PROVIDED DATA

[Start of section]

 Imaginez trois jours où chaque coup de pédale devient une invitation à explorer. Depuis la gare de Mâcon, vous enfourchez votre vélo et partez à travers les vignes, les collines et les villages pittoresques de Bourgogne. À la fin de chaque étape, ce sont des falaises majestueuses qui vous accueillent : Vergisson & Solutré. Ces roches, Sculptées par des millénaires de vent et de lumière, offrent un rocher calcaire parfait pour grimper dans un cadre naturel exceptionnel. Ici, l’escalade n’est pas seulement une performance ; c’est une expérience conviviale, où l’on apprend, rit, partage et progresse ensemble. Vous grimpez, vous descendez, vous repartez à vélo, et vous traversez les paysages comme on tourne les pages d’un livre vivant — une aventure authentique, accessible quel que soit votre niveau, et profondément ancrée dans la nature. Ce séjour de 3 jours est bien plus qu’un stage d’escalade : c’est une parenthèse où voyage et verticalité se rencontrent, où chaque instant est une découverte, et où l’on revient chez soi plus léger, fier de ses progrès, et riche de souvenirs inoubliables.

[End of section]
[Start of section]

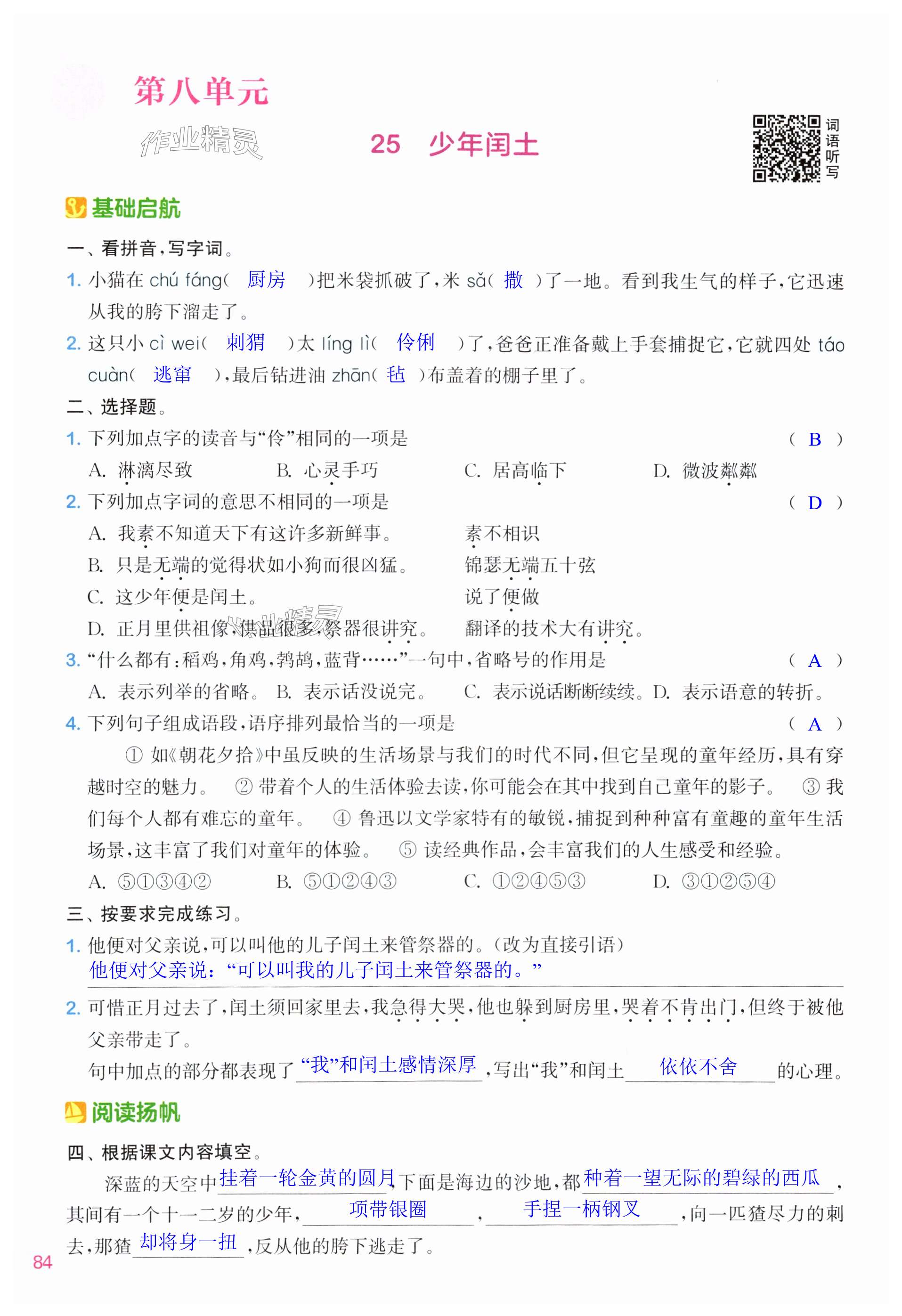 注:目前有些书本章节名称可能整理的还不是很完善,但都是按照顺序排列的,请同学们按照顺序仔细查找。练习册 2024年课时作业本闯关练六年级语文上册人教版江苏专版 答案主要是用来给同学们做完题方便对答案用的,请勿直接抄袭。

[End of section]
[Start of section]

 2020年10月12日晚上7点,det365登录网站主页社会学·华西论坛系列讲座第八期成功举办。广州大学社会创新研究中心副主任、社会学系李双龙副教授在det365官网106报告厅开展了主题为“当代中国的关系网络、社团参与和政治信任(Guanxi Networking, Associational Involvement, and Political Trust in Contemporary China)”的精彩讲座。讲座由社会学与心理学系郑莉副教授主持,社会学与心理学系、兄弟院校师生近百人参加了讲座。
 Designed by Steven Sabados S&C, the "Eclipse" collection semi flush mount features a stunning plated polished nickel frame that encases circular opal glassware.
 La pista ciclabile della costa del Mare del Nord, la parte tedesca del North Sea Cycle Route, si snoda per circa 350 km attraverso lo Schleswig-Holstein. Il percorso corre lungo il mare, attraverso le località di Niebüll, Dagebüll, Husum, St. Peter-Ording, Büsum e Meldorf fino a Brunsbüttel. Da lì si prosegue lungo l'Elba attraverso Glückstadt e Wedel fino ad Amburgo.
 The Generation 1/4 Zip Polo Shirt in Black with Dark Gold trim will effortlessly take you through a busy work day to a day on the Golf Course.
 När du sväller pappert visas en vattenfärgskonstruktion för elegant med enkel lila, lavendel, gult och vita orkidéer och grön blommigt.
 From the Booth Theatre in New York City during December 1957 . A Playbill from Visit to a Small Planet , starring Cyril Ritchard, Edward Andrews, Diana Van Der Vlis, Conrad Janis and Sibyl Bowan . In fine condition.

[End of section]

DIRECTIONS FOR THIS TASK
Give the exact lines, and only those, from the line containing "La pista ciclabile" through the line containing "From the Booth" in the entries above.

ANSWER BOX
 La pista ciclabile della costa del Mare del Nord, la parte tedesca del North Sea Cycle Route, si snoda per circa 350 km attraverso lo Schleswig-Holstein. Il percorso corre lungo il mare, attraverso le località di Niebüll, Dagebüll, Husum, St. Peter-Ording, Büsum e Meldorf fino a Brunsbüttel. Da lì si prosegue lungo l'Elba attraverso Glückstadt e Wedel fino ad Amburgo.
 The Generation 1/4 Zip Polo Shirt in Black with Dark Gold trim will effortlessly take you through a busy work day to a day on the Golf Course.
 När du sväller pappert visas en vattenfärgskonstruktion för elegant med enkel lila, lavendel, gult och vita orkidéer och grön blommigt.
 From the Booth Theatre in New York City during December 1957 . A Playbill from Visit to a Small Planet , starring Cyril Ritchard, Edward Andrews, Diana Van Der Vlis, Conrad Janis and Sibyl Bowan . In fine condition.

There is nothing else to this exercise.